In a recent Gallup poll, 56 percent of Americans indicated that the most important issues are extending the Bush-era tax cuts and lowering the estate tax. This is perplexing, considering that the average American income is less than $60,000 and these two issues have greater effect on people in a much higher tax bracket. Why these two issues? The Bush tax cuts are essentially regurgitated Reaganomics intended to make the rich richer, and the estate tax has been a long-standing tax war for the wealthy. But these are the two issues that Americans are concerned about.

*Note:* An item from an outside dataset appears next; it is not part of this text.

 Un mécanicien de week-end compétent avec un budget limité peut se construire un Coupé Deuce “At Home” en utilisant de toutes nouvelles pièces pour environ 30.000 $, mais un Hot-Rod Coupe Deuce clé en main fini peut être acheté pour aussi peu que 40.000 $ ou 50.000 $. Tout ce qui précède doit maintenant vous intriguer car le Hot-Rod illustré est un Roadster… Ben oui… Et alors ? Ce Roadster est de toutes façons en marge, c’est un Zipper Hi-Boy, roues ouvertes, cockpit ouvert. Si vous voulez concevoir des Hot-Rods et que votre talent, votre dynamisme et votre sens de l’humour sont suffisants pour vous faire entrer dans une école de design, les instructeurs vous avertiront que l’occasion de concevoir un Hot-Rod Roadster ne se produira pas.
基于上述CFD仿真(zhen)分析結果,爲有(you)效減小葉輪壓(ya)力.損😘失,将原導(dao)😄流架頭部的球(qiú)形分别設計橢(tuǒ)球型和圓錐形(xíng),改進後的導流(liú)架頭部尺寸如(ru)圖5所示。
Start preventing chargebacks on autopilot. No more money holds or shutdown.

Thomas Frank’s book What’s the Matter with Kansas? explored the phenomenon of Americans voting against their own interests. He wrote about how Kansas was once a hotbed for radical political activity and haven for unpopular issues. That’s obviously no longer the case. Small Kansas towns are now much like other Midwestern and Southern communities. Religion and politics are intertwined, people base their votes on a few issues and much of the time those issues have very little to do with their own lives. I previously wrote about receiving mailers from Diane Black’s campaign touting her stance on abortion and gun control, two issues that aren’t really issues. She can do very little about abortion and standing up for gun rights has little to do with anything. Last time I checked we still had the Second Amendment and there’s no threat of that being overturned.

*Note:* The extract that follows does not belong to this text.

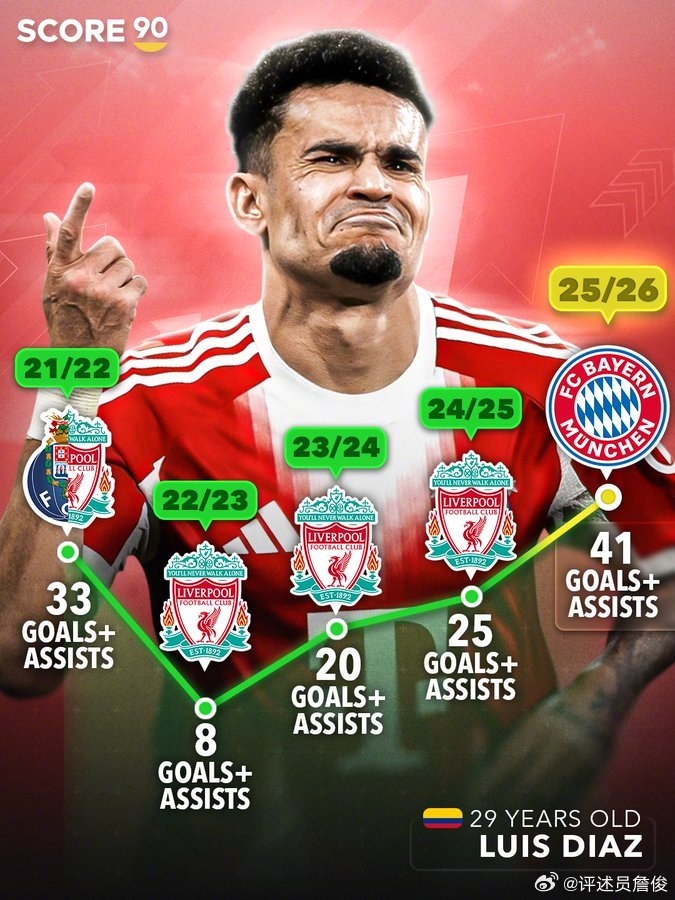 谈到迪亚斯,他在这个赛季以近六千五百万镑的转会费加盟拜仁后,完全释放了自己的潜力,迄今为止为球队贡献了23个进球和18个助攻,创造了个人职业生涯的新纪录。无疑,这位哥伦比亚球员在球场上的表现令人振奋,大家都期待着他能在美加墨世界杯中引领国家队争夺小组第二的位置,与葡萄牙、民主刚果和乌兹别克并肩作战。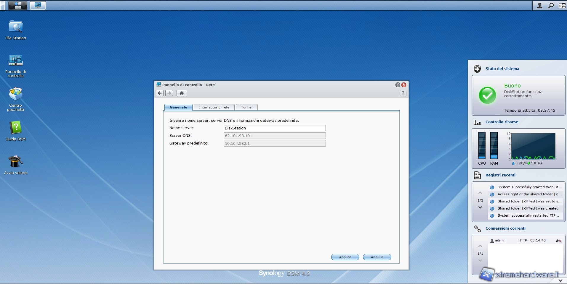 Qui, infatti, è possibile impostare il nome server, gli indirizzi DNS e gateway del Synology DS212j oltre che impostare l’indirizzo IP da assegnare al NAS.

That’s not to say that there aren’t real concerns. At this point, most Americans should be skeptical about the bank bailouts and corporate influence on congress. There are very real concerns about government interference in our lives. Where this gets muddled is in the hypocrisy—the idea of what’s good for me is not good for you. Matt Taibbi summed up everything that’s wrong with the middleclass Republican voter in his October Rolling Stone article about the Tea Party. He wrote about the extraordinary numbers of people at the Tea Party rallies rolling around in motorized wheelchair-scooters, compliments of Medicare. These are the same people railing on about healthcare reform and government influence. Apparently, the government hand-out is bad unless it involves Medicare and Social Security checks. And the government needs to stay out of people’s business and pockets, unless of course it means keeping drugs, prostitution, gambling and gay marriage illegal. In other words, if the government is giving it to them, it’s good, but if government action is disagreeable to them, it needs to be regulated.

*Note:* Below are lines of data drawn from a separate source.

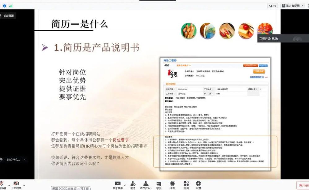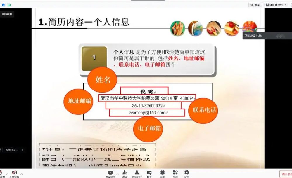 2月18日,“就业不打烊 云端促就业”系列讲座第三期举办,主题为“简历制作技巧”,由辅导员林立宏担任主讲。本次讲座主要讲解讲简历的内容、制作简历的原则和技巧,旨在提升同学们的简历制作能力,帮助同学写出一份内容丰富,吸引HR的简历。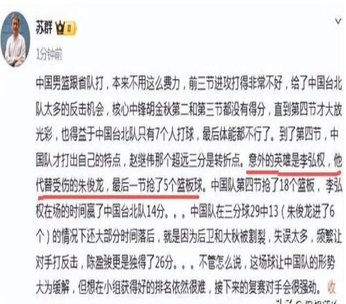 不是朱俊龙,不是胡金秋!名嘴苏群赞中国队一人是逆转英雄_24直播网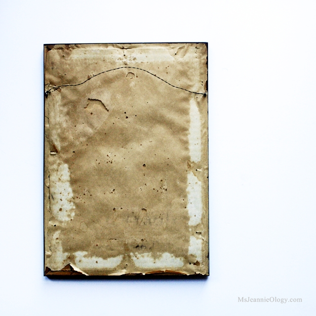 Call Ms. Jeannie crazy but she finds a lot of beauty in the backsides of antique art. Their subtle color shades, the thin delicate wire hangings, the marks of time and place…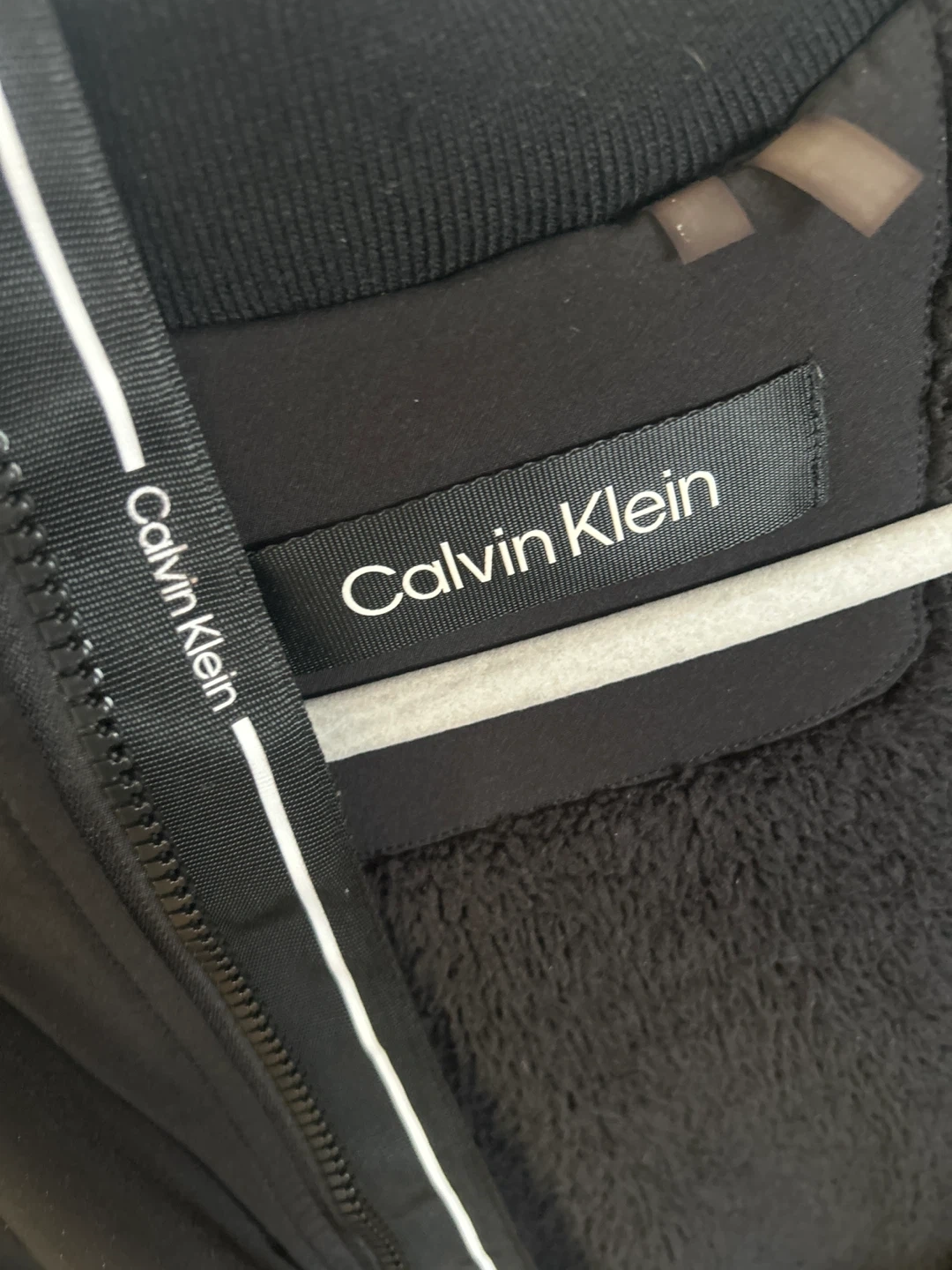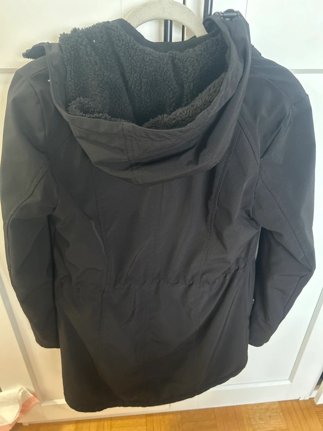 This Calvin Klein parka is black and features a cozy fleece lining for warmth. It has a drawstring waist for a customizable fit. It's a great jacket for chilly weather!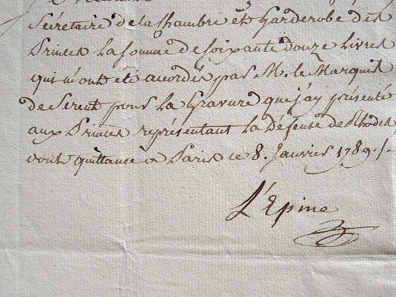 Le graveur C. Lépine (mort en 1808, surtout actif à l'époque révolutionnaire), reconnaît avoir reçu de M. Forqueray, secrétaire de la chambre et garde-robe des princes, la somme de 72 livres : «qui m'ont été accordés par S.M. le Marquis de Serent pour la gravure que j'ay présentée aux Princes représentant la Défense de Rhodes».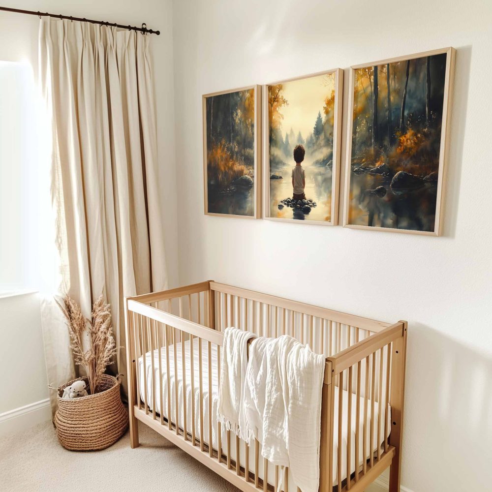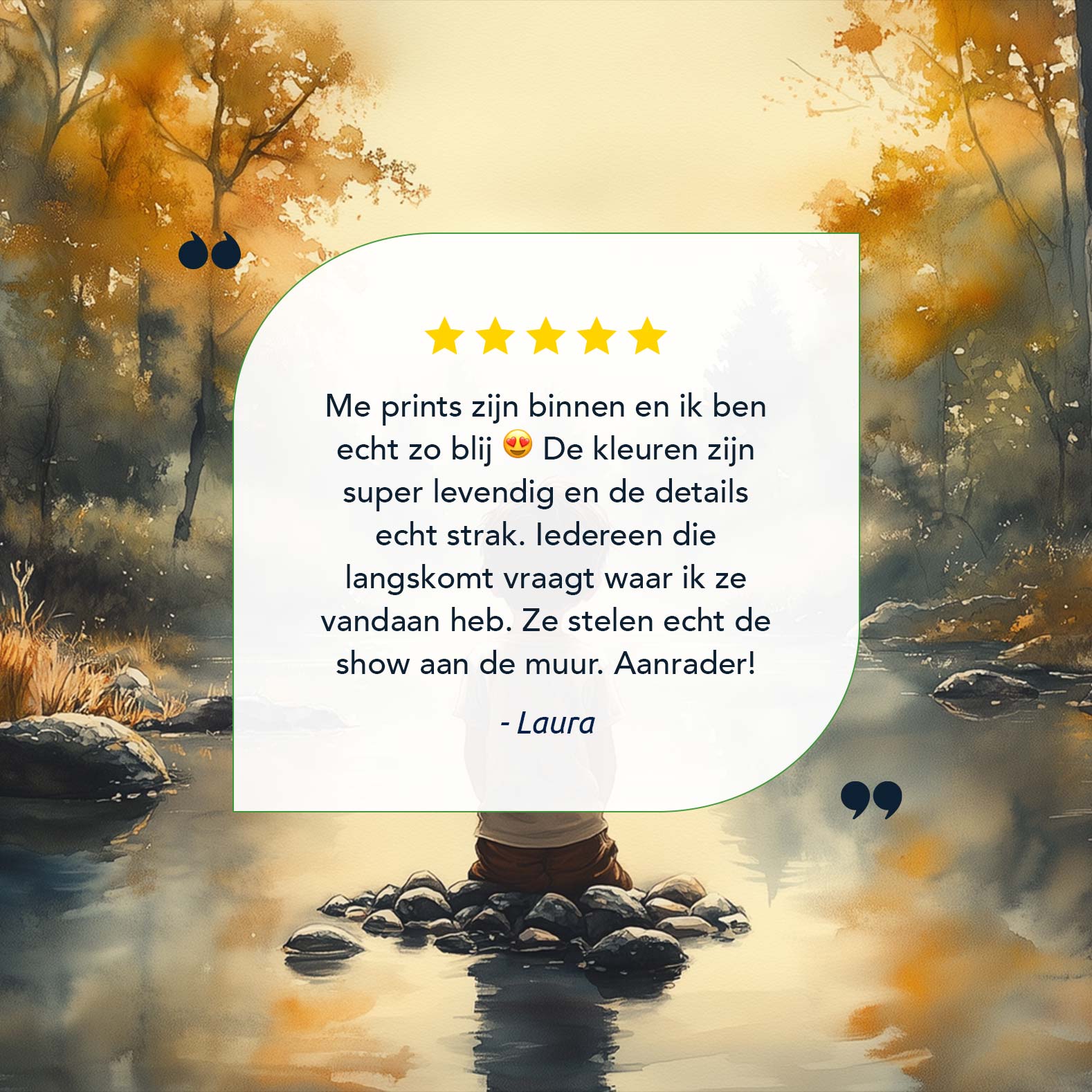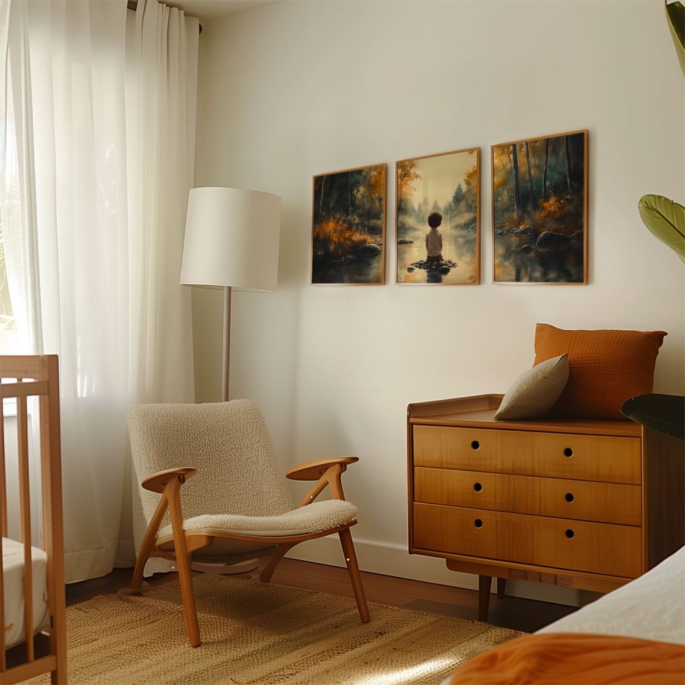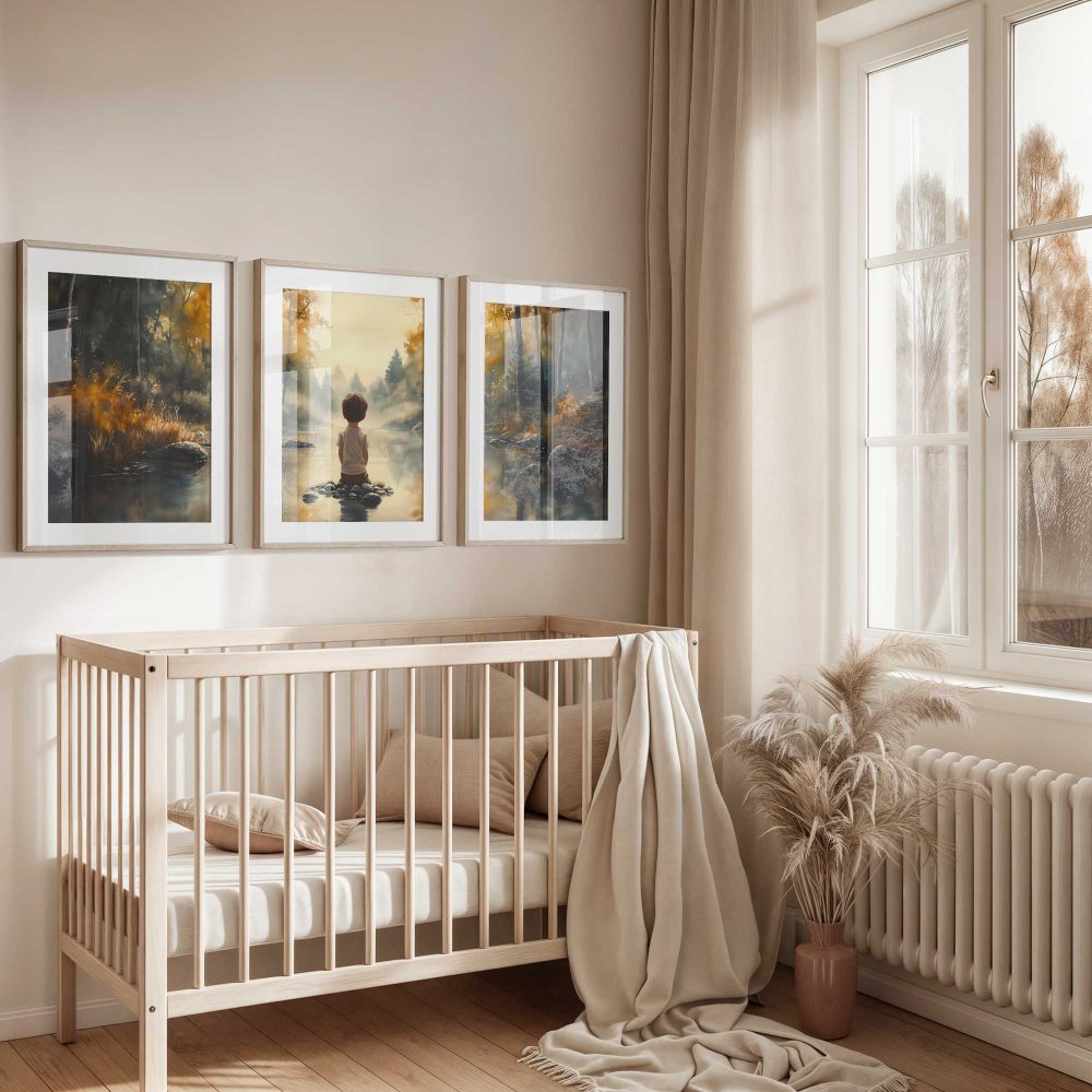 Terug naar collectie / Kinderkamer posters / Jongen bij de rivier: Dromerig herfsttafereel

You’ve got to hand it to the Republican Party for grabbing up power by the fistful without even trying. They’ve never been blind to an opportunity for personal gain and the Tea Party rallies offer everything and more for political possibilities. You have droves of mostly older white voters who fancy themselves as part of some modern rebellion and are undereducated and generically angry. The truth is that these people along with most other Americans are conformists searching for an identity. If this were 1773, they wouldn’t be the ones instigating a “tea party.” These people would support the British because the British would give them a tax break and Dancing with the Stars, and convince them that George Washington wants to take away their freedom.